RECORD EXCERPTS Start Marker

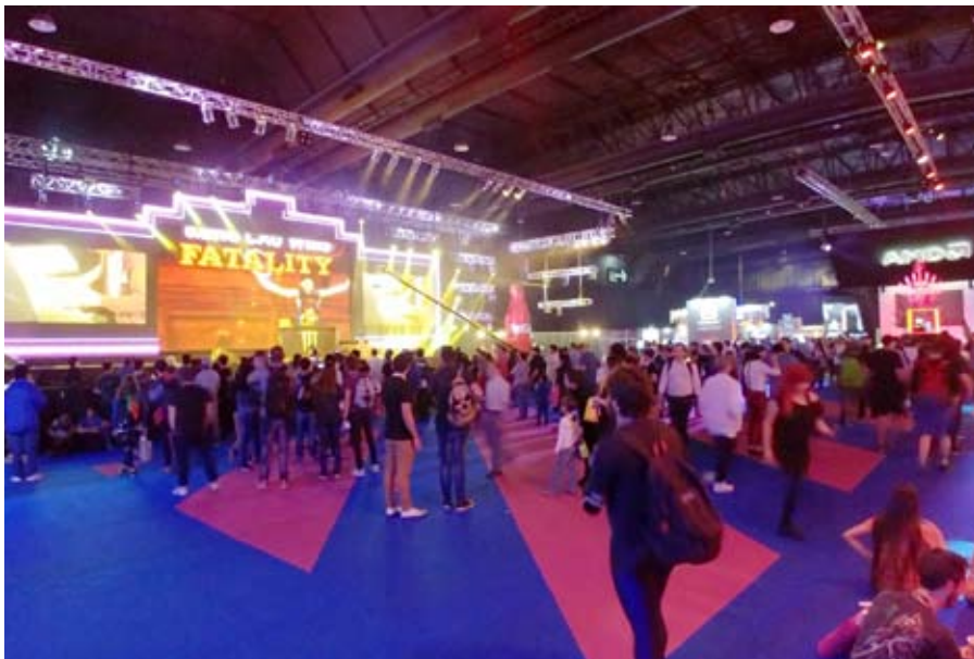
Como en Las Vegas, pero acá. Así lució la tercera edición del Argentina Game Show For me.
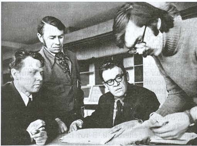
Выставком городского кинофотоклуба
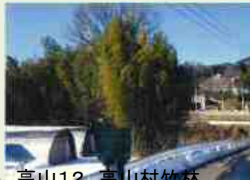
高山12 高山村竹林 整備事業
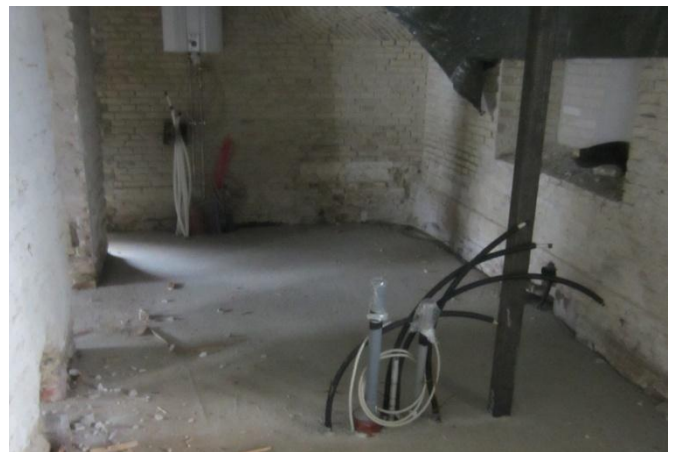
I den ene side bagerst etableres et Tekøkken og ved siden af etableres Handicapvenligt Toilet
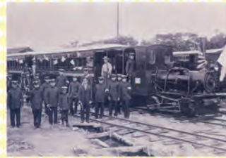
▲開業当時の藤相鉄道藤枝新駅

RECORD EXCERPTS End Marker

TASK ITEM: Apart from the pictures, every record must be set down exactly.

SOLUTION TO THE EXERCISE:
Como en Las Vegas, pero acá. Así lució la tercera edición del Argentina Game Show For me.
Выставком городского кинофотоклуба
高山12 高山村竹林 整備事業
I den ene side bagerst etableres et Tekøkken og ved siden af etableres Handicapvenligt Toilet
▲開業当時の藤相鉄道藤枝新駅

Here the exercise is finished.